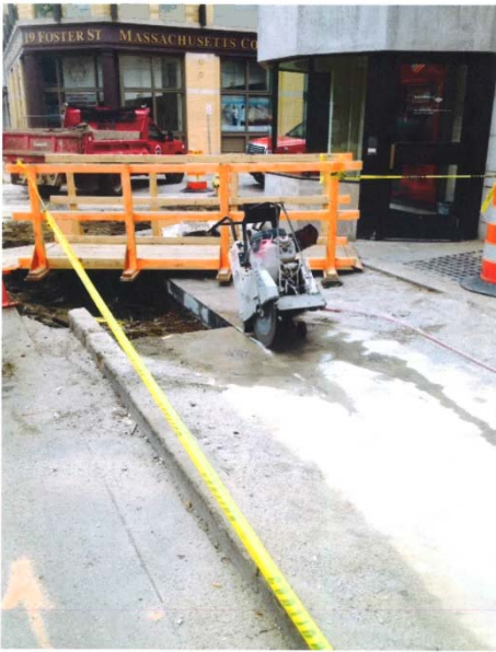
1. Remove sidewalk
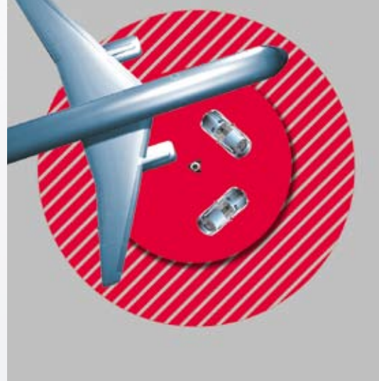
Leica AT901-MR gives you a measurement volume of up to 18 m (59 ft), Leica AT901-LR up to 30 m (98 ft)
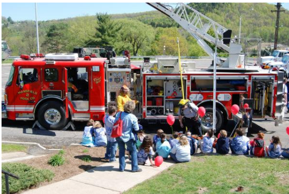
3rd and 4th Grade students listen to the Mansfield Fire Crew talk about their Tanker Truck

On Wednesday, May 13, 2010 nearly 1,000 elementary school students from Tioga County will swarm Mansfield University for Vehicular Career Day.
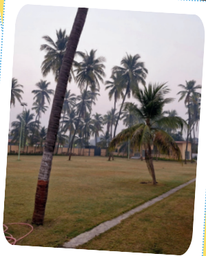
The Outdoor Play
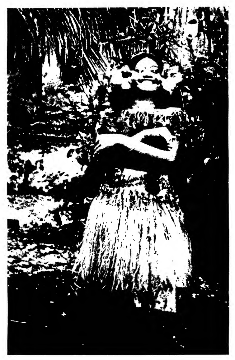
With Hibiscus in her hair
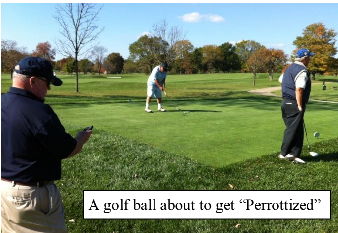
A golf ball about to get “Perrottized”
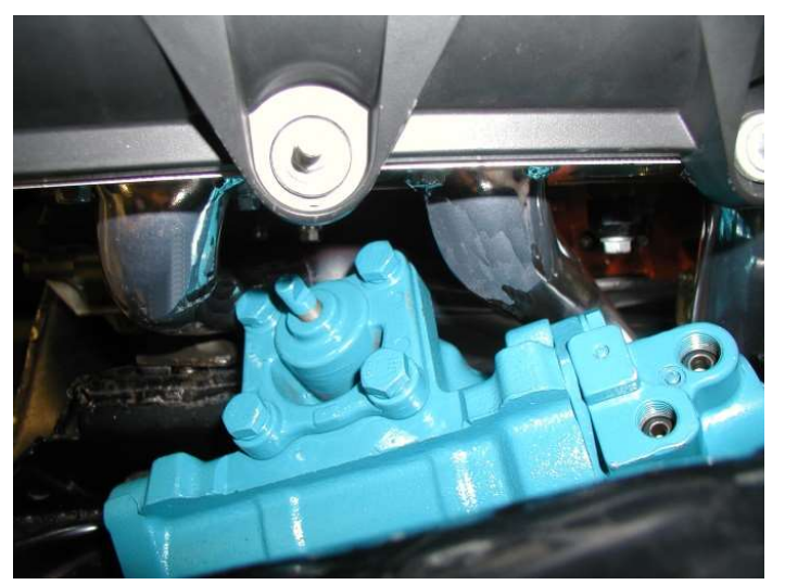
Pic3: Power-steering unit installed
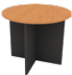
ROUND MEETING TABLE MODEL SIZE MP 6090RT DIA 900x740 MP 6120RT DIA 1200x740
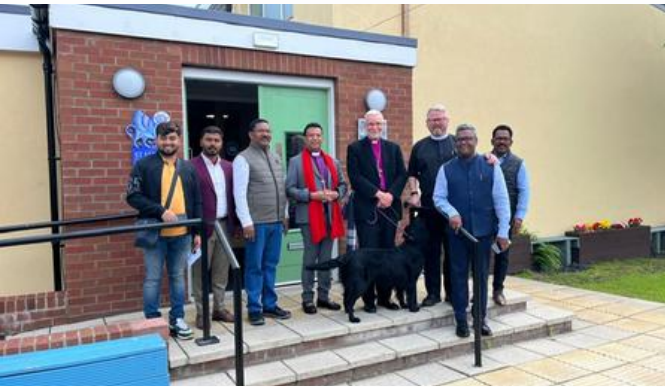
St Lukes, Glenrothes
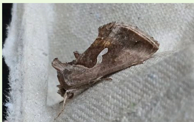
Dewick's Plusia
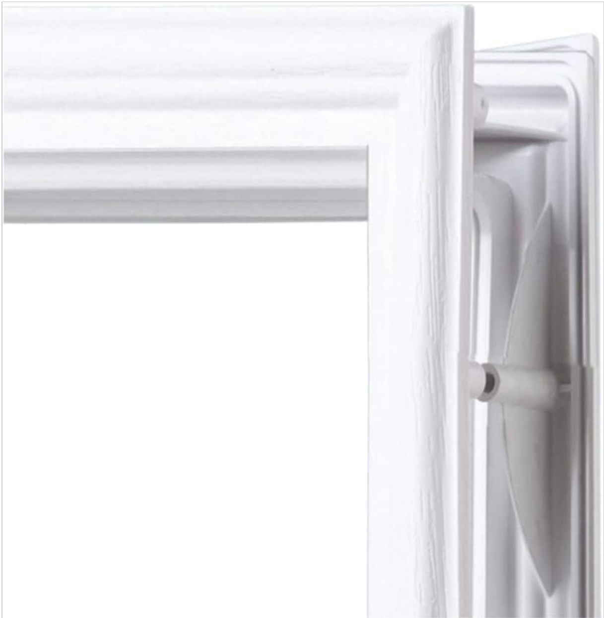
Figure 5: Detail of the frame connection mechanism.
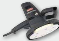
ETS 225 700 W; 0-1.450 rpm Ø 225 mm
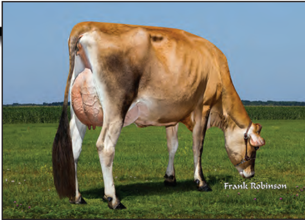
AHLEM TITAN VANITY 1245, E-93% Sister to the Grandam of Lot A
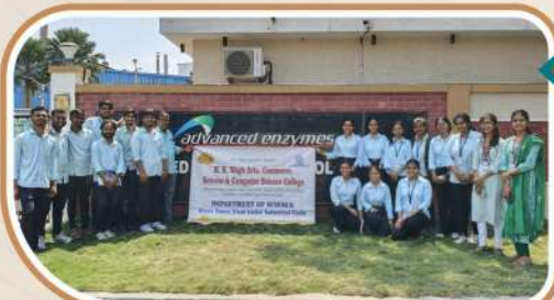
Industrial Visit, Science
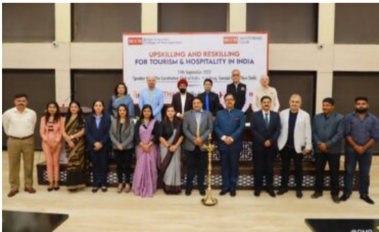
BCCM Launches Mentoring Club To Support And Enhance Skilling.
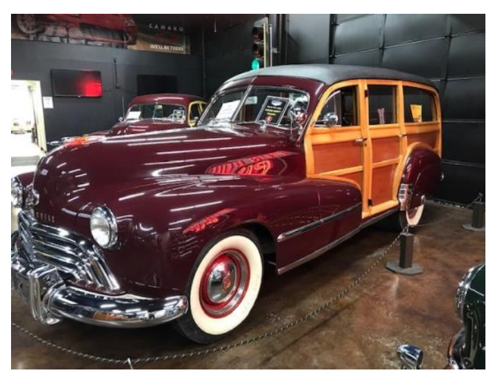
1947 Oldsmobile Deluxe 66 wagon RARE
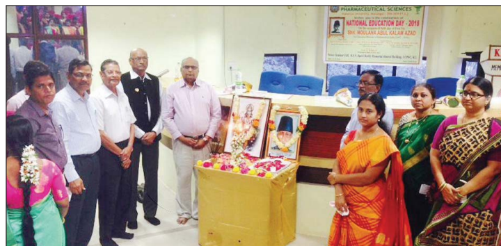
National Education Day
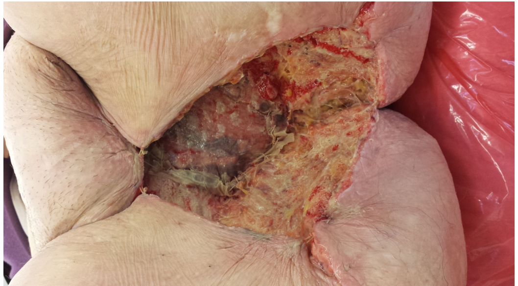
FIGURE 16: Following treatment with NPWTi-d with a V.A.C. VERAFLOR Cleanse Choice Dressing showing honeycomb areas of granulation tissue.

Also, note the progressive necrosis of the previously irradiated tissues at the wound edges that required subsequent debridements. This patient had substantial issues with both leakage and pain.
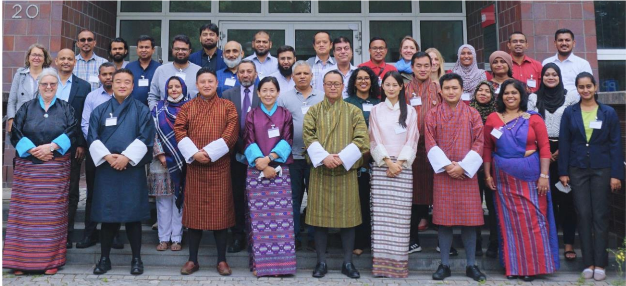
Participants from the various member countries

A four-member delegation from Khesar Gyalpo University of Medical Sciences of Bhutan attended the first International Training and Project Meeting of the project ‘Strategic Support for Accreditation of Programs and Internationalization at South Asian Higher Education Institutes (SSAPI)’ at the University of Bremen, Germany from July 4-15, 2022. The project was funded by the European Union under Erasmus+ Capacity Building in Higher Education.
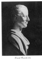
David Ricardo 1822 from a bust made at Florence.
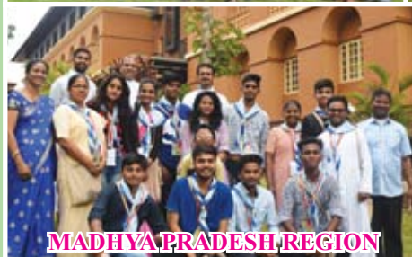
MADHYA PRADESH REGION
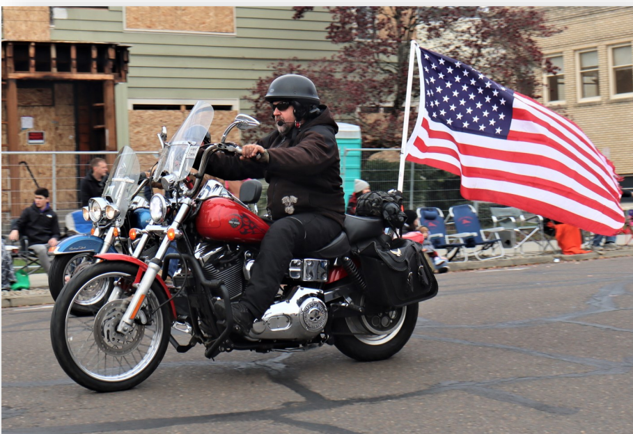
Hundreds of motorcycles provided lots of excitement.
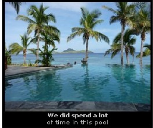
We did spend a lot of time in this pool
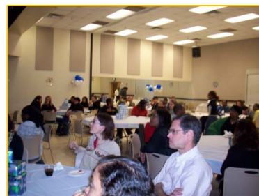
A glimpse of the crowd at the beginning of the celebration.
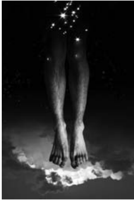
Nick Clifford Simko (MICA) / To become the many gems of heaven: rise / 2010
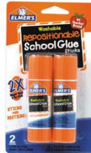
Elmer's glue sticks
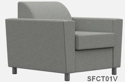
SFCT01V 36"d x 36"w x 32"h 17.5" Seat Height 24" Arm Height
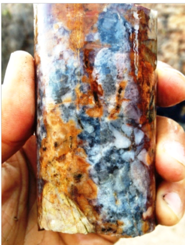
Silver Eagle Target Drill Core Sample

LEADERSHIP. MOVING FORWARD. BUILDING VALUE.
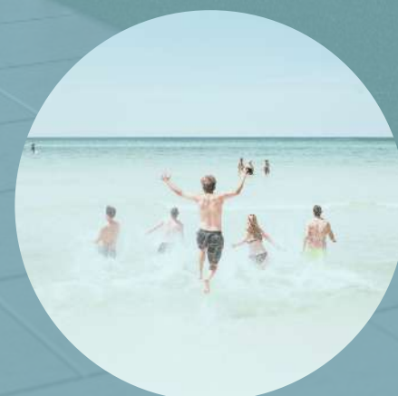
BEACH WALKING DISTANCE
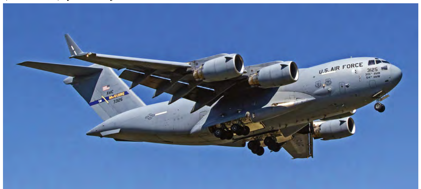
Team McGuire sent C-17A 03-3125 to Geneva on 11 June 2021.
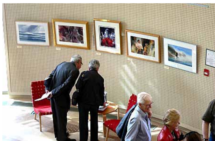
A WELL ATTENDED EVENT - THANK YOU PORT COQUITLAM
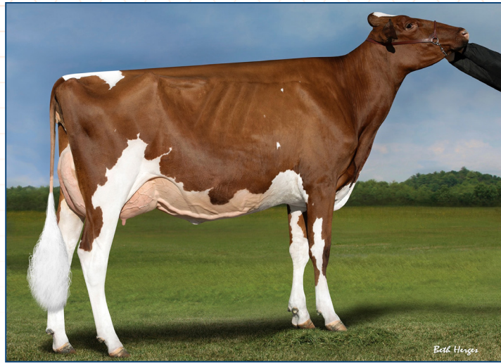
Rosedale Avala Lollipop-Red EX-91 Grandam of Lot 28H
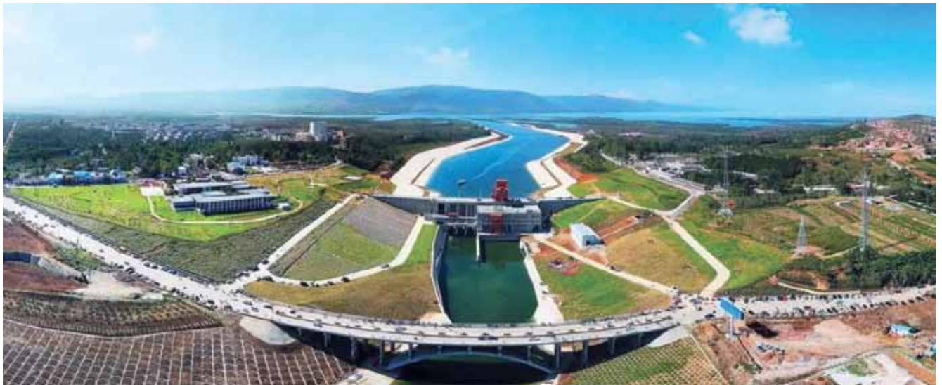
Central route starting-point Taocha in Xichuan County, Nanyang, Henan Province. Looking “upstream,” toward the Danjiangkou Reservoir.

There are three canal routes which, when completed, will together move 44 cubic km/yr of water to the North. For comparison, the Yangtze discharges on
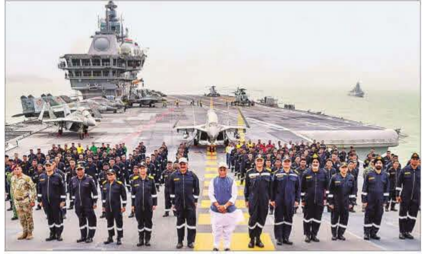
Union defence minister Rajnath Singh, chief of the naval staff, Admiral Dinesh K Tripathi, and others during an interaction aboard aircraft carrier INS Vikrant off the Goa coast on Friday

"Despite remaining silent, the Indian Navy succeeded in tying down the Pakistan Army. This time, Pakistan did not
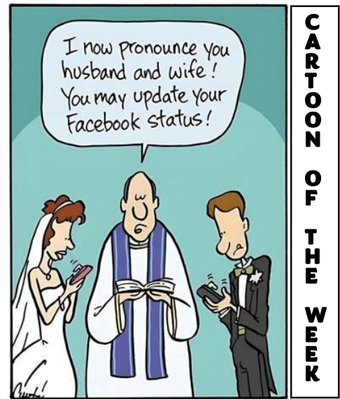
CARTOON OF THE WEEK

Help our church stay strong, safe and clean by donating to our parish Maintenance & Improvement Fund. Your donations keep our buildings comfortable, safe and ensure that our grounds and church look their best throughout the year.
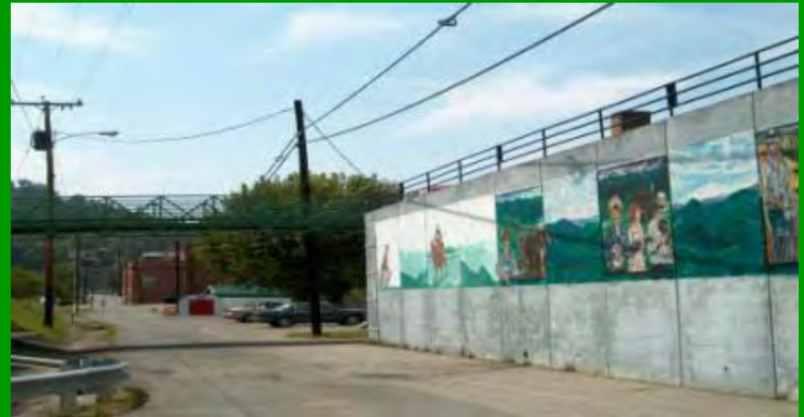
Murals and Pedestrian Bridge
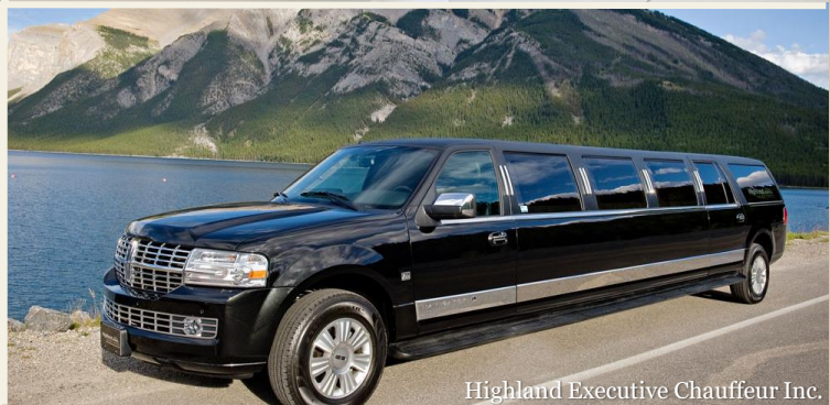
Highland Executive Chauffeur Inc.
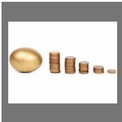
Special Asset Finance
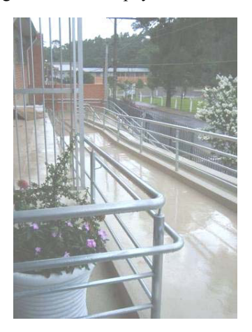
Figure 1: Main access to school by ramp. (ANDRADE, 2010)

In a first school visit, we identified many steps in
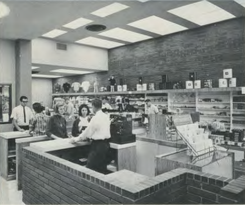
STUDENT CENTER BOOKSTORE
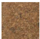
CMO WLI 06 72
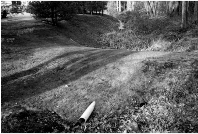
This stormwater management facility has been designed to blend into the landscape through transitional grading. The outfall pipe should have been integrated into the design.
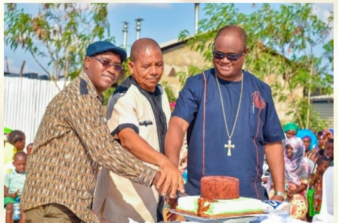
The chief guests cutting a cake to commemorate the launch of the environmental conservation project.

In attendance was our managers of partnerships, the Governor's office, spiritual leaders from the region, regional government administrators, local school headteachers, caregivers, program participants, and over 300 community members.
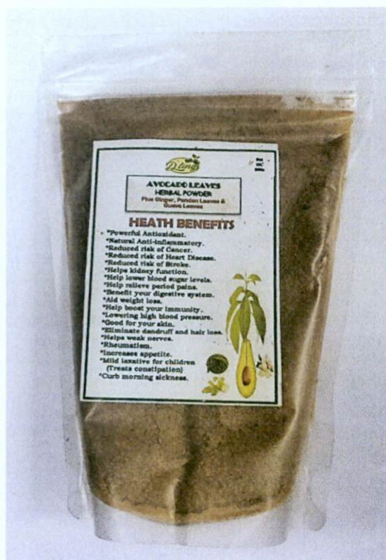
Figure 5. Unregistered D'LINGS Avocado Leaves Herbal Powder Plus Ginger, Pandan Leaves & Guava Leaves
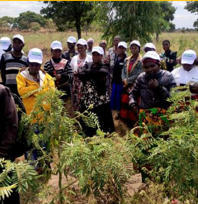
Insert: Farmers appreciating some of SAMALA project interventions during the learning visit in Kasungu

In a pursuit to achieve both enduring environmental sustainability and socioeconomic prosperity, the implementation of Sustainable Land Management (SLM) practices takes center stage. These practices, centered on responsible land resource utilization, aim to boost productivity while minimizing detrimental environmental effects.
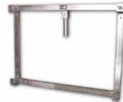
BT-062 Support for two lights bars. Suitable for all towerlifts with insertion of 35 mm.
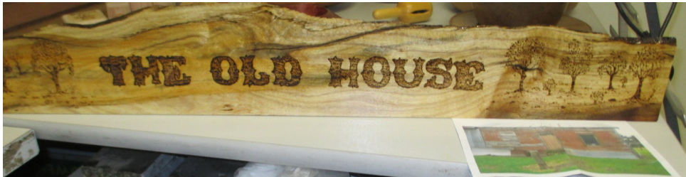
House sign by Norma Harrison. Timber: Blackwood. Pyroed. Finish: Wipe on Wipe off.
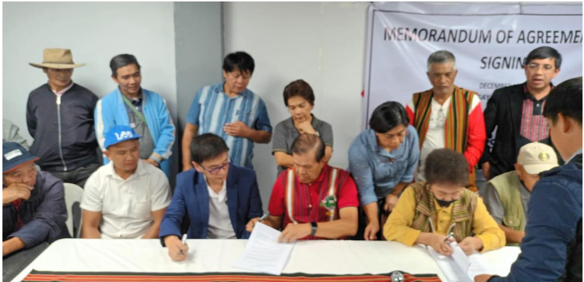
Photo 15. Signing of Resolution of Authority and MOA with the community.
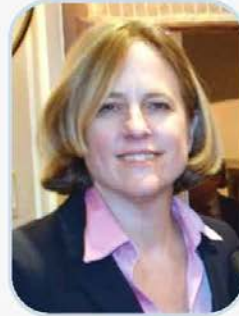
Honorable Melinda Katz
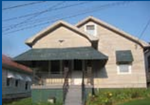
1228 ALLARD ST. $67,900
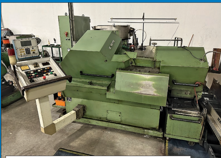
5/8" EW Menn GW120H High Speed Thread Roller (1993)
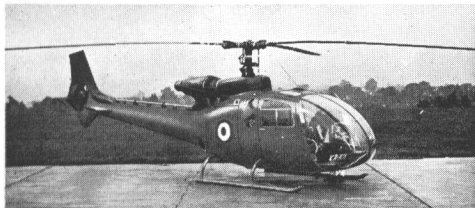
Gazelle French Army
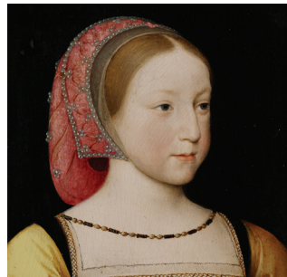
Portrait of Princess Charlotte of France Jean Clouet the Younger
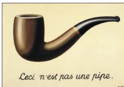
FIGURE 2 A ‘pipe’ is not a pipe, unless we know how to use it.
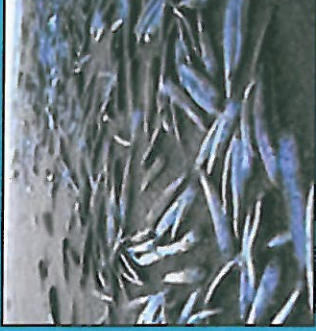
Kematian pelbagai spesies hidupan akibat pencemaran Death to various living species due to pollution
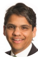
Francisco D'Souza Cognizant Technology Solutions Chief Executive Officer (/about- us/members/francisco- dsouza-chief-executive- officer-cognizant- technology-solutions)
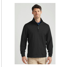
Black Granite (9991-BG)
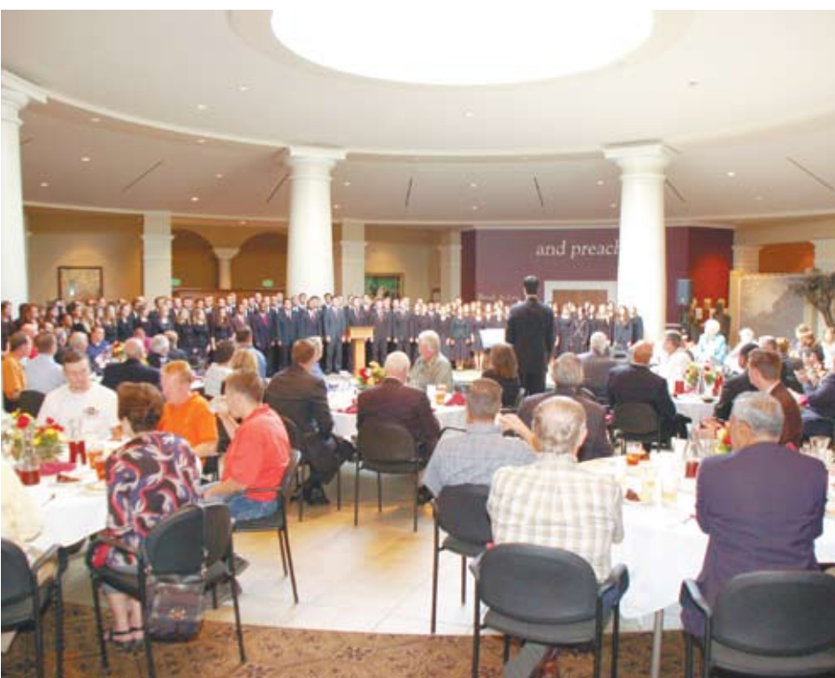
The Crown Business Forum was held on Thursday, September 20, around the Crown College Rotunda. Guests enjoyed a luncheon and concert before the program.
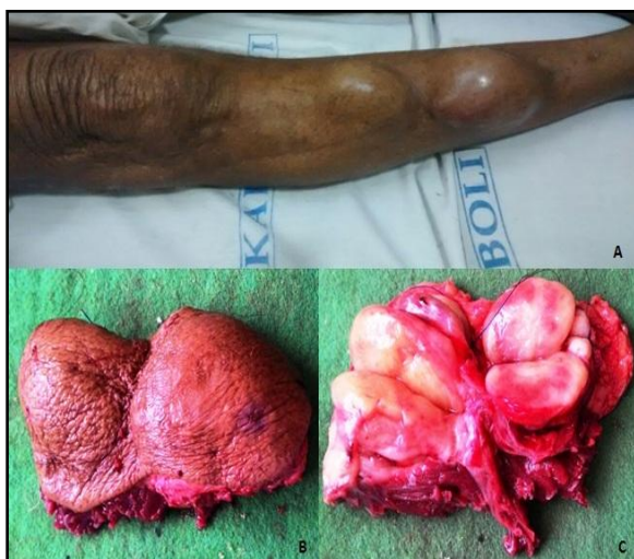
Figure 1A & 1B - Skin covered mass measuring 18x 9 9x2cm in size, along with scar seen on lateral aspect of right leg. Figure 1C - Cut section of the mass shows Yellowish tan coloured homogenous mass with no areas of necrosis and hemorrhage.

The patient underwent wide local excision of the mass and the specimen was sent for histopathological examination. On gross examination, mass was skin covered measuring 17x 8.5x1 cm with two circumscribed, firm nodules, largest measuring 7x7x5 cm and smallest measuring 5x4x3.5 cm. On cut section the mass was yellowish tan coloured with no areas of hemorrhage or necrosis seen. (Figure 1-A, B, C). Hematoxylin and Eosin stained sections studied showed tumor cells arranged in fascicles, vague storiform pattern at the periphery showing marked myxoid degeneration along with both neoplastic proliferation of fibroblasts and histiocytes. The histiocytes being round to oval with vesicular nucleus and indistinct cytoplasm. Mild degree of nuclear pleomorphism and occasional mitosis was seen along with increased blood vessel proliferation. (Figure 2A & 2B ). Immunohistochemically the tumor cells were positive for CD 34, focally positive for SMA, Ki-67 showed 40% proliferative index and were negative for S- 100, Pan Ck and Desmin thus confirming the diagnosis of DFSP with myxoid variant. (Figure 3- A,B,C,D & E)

┄┄┄┄┄┄

▸ TASK PROMPT
From the top of the listing above, repeat each line exactly until you reach the line containing "ETS 225 700 W; 0-1.450 rpm Ø 225 mm", and repeat that one too. Leave the pictures out.

▸ ANSWER BOX
1. Remove sidewalk
Leica AT901-MR gives you a measurement volume of up to 18 m (59 ft), Leica AT901-LR up to 30 m (98 ft)
3rd and 4th Grade students listen to the Mansfield Fire Crew talk about their Tanker Truck

On Wednesday, May 13, 2010 nearly 1,000 elementary school students from Tioga County will swarm Mansfield University for Vehicular Career Day.
The Outdoor Play
With Hibiscus in her hair
A golf ball about to get “Perrottized”
Pic3: Power-steering unit installed
ROUND MEETING TABLE MODEL SIZE MP 6090RT DIA 900x740 MP 6120RT DIA 1200x740
St Lukes, Glenrothes
Dewick's Plusia
Figure 5: Detail of the frame connection mechanism.
ETS 225 700 W; 0-1.450 rpm Ø 225 mm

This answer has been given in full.